### Step 1: Importing Necessary Libraries

We start by importing the libraries that are essential for our project. These libraries will help us work with data, create visualizations, and interact with the Reddit API.

- `import numpy as np`: NumPy is a library for numerical computations in Python. We use it for efficient array operations.
- `import pandas as pd`: Pandas is a library for data manipulation and analysis. It provides data structures like DataFrames.
- `import matplotlib.pyplot as plt`: Matplotlib is a popular library for creating visualizations, and `plt` is a common alias for it.
- `import praw`: PRAW stands for "Python Reddit API Wrapper," and it enables us to interact with Reddit's API programmatically.
- `import re`: The `re` library provides support for regular expressions, which we'll use for text pattern matching and extraction.

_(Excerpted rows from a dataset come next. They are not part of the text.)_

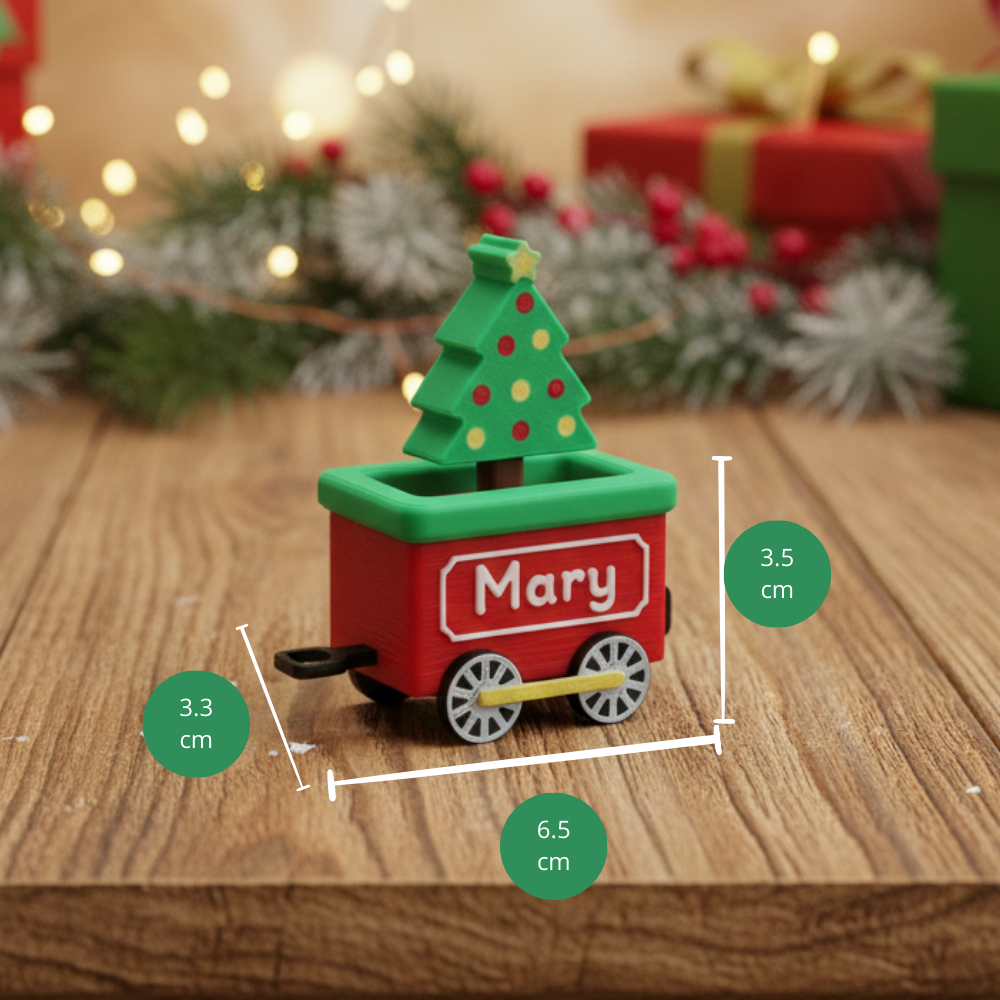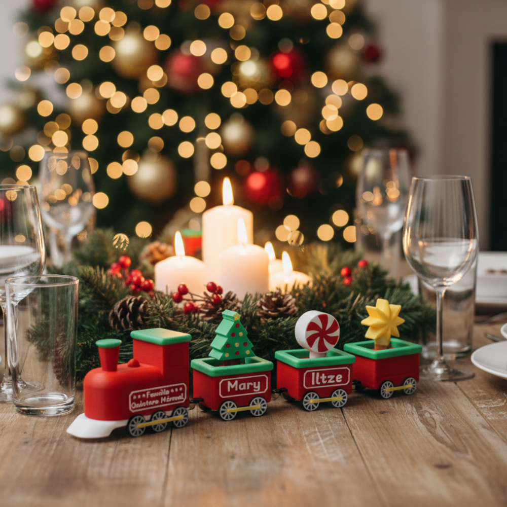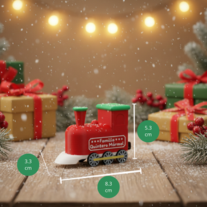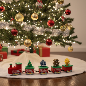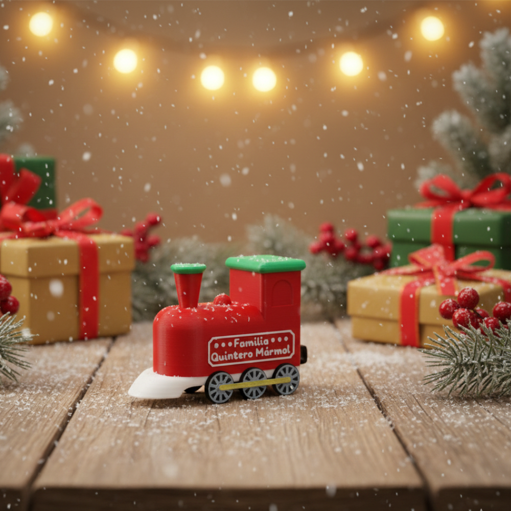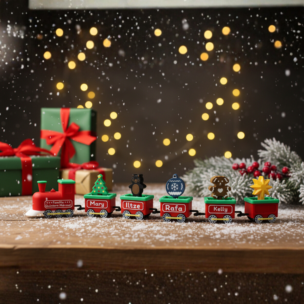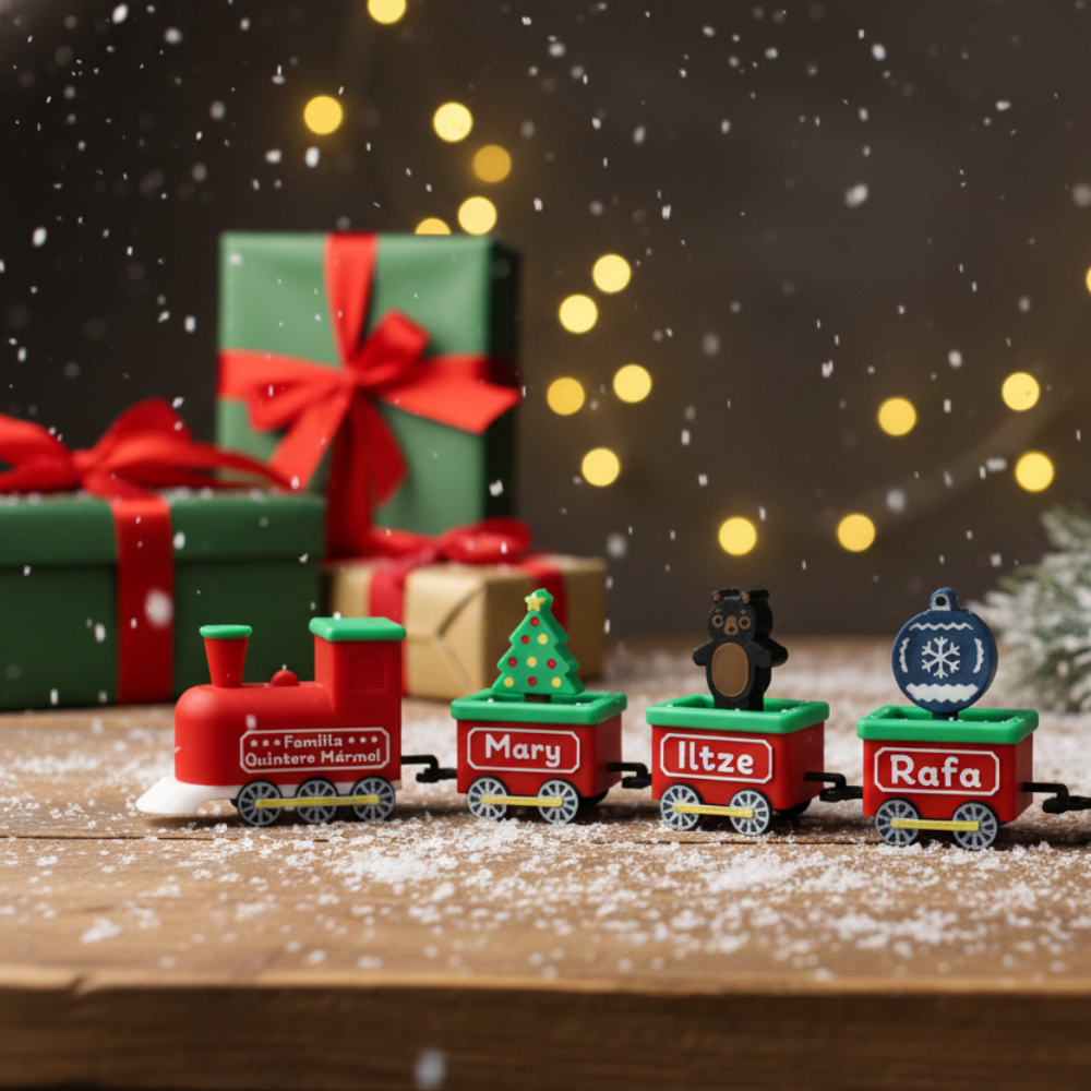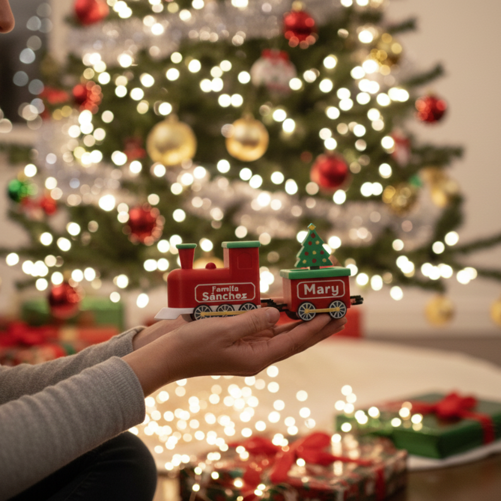 Celebra la magia de la Navidad con un detalle único y lleno de significado. El Tren Familiar Navideño Tomatoe está diseñado para personalizarse con el nombre de tu familia en la locomotora y con el nombre de cada integrante —incluyendo mascotas— en sus vagones, creando una pieza decorativa que se convierte en tradición año con año.
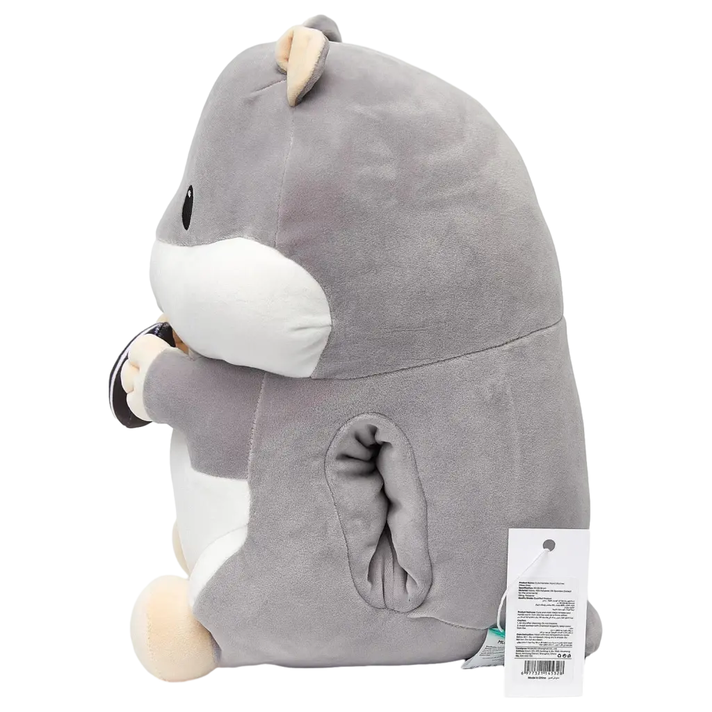 Das Kissen präsentiert sich im freundlichen Hamster-Design (Grau) und begeistert durch einen besonders soften und anschmiegsamen Außenstoff aus 95% Polyester und 5% Elasthan, während die Füllung aus hochwertiger Polyesterfaser besteht. Die großen Öffnungen an den Seiten laden dazu ein, beide Hände bequem hineinzustecken.
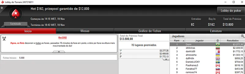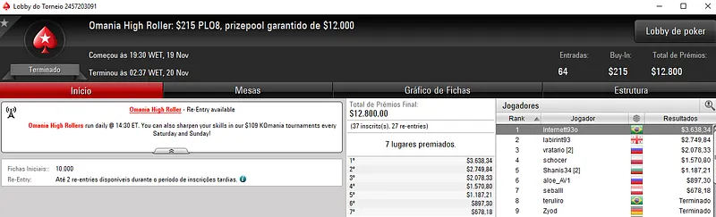 Confira aqui quem mais faturou na reta de ontem do PokerStars:

Now that we have our libraries loaded, we can proceed with the rest of our project.



In [14]:
import numpy as np
import pandas as pd
import matplotlib.pyplot as plt
import praw
import re
import time

### Step 2: Authenticating with the Reddit API

To access Reddit's data programmatically, we need to authenticate our Python application using the `praw` library. Here's what each part of the code does:

- `import praw`: We import the `praw` library, which is a Python wrapper for the Reddit API. This library simplifies the process of interacting with Reddit's data.

- `reddit = praw.Reddit(...)`: We create a Reddit API client object named `reddit`. This object is used for making authenticated requests to the Reddit API. The constructor takes the following parameters:

   - `client_id`: This should be replaced with the unique identifier of your Reddit Developer Application, which you obtained when you created the application on the Reddit Developer Portal. It's used to identify your application when making API requests.

   - `client_secret`: This key should be replaced with the secret key provided during the creation of your Reddit Developer Application. It's a secret key that, when combined with the client ID, allows your application to securely authenticate with the Reddit API.

   - `user_agent`: The user agent is a string that identifies your application and its purpose. It's important to provide a user agent that follows Reddit's guidelines, typically including the name of your application and a version number. For personal projects, you can include your Reddit username or any other descriptive information.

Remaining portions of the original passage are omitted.